/---

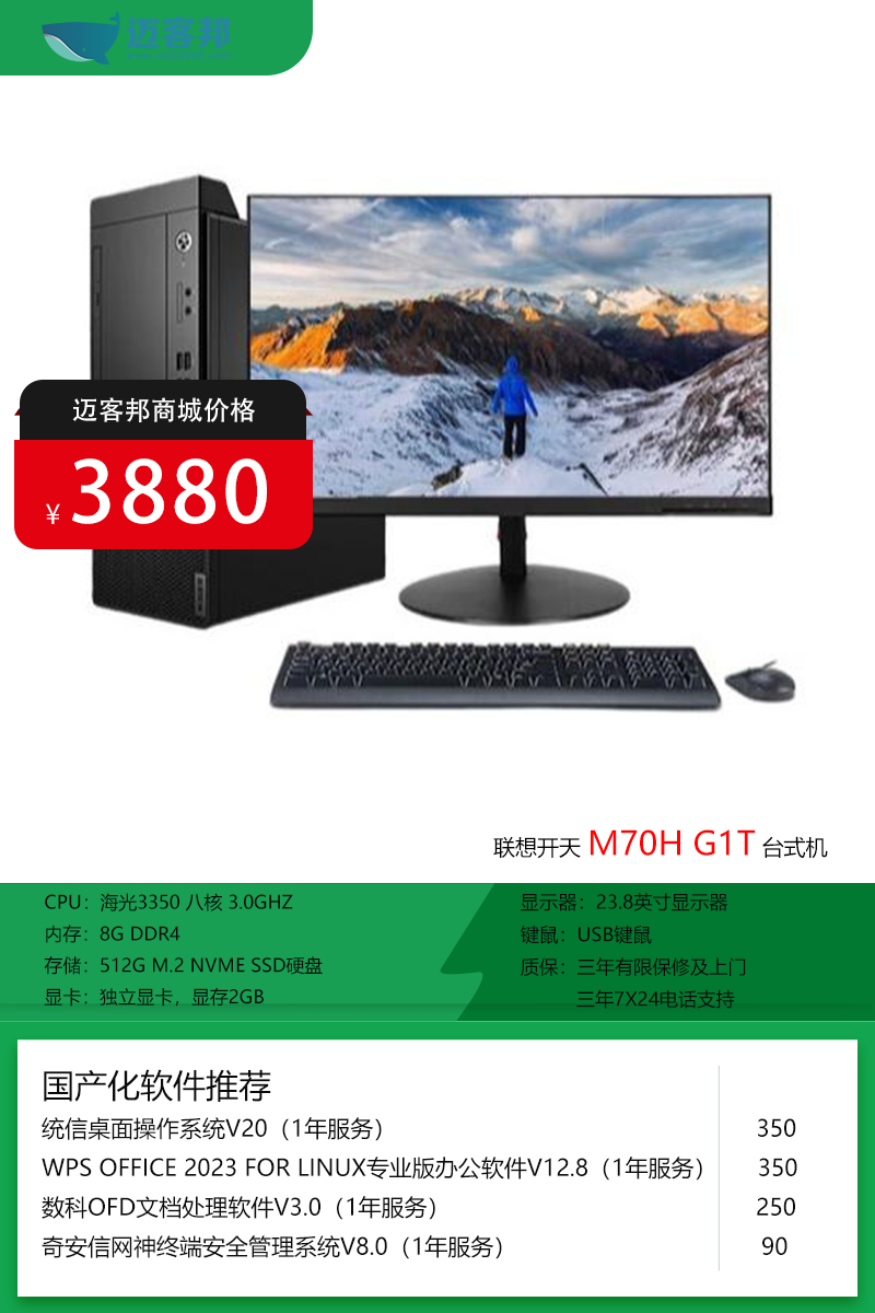 联想开天 塔式商用台式机:国产芯强效办公新标杆
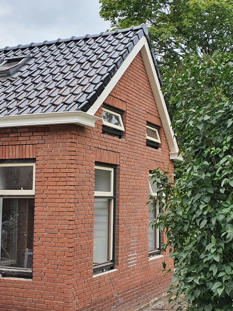 In Meeden hebben we het dak van een oud arbeiders huisje volledig gestript en vanaf de basis weer opgebouwd met behoud van de oude sporen constructie. Slechte sporen vervangen, metselwerk hersteld, kozijnen vervangen en de woning voorzien van nieuwe kunststof goten en overstekken.
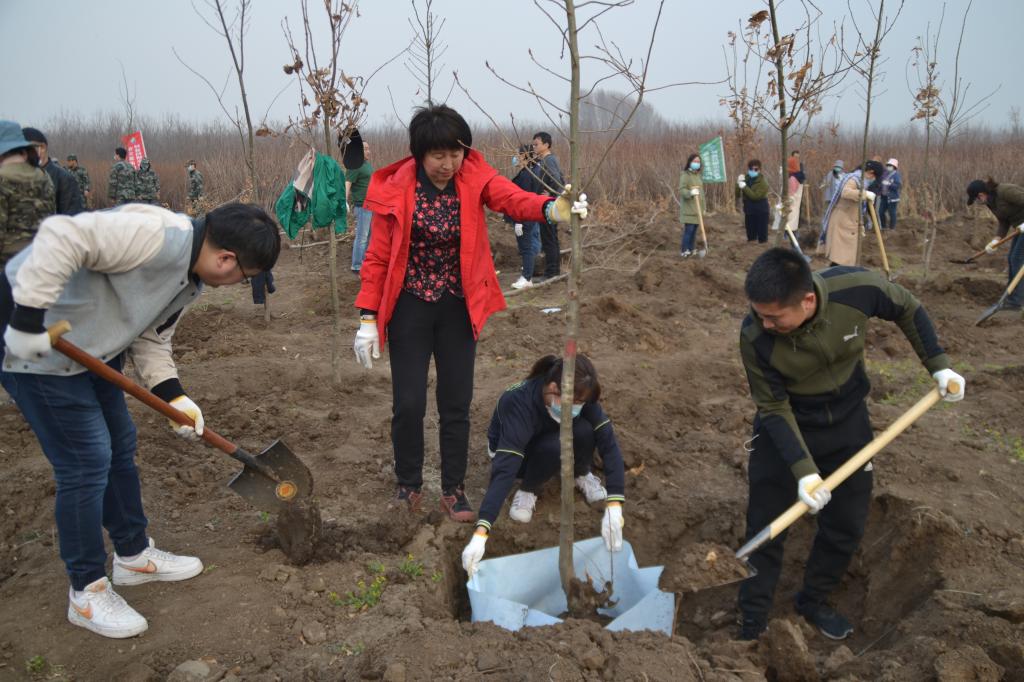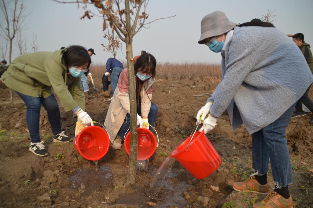 在植树现场,大家互相配合,分工协作,扶正树苗、挥锹培土、提水浇灌,配合默契,劳动现场呈现出一片繁忙有序、热火朝天的景象。在争先恐后、播种绿色的过程中,一棵棵新苗亭亭玉立,在蓝天白云下中形成一道美丽的风景线,春日的大地更加生机盎然。

\---

Each line of the listing must be restated word for word, and the pictures left out.

> [Solution below]
 联想开天 塔式商用台式机:国产芯强效办公新标杆
 In Meeden hebben we het dak van een oud arbeiders huisje volledig gestript en vanaf de basis weer opgebouwd met behoud van de oude sporen constructie. Slechte sporen vervangen, metselwerk hersteld, kozijnen vervangen en de woning voorzien van nieuwe kunststof goten en overstekken.
 在植树现场,大家互相配合,分工协作,扶正树苗、挥锹培土、提水浇灌,配合默契,劳动现场呈现出一片繁忙有序、热火朝天的景象。在争先恐后、播种绿色的过程中,一棵棵新苗亭亭玉立,在蓝天白云下中形成一道美丽的风景线,春日的大地更加生机盎然。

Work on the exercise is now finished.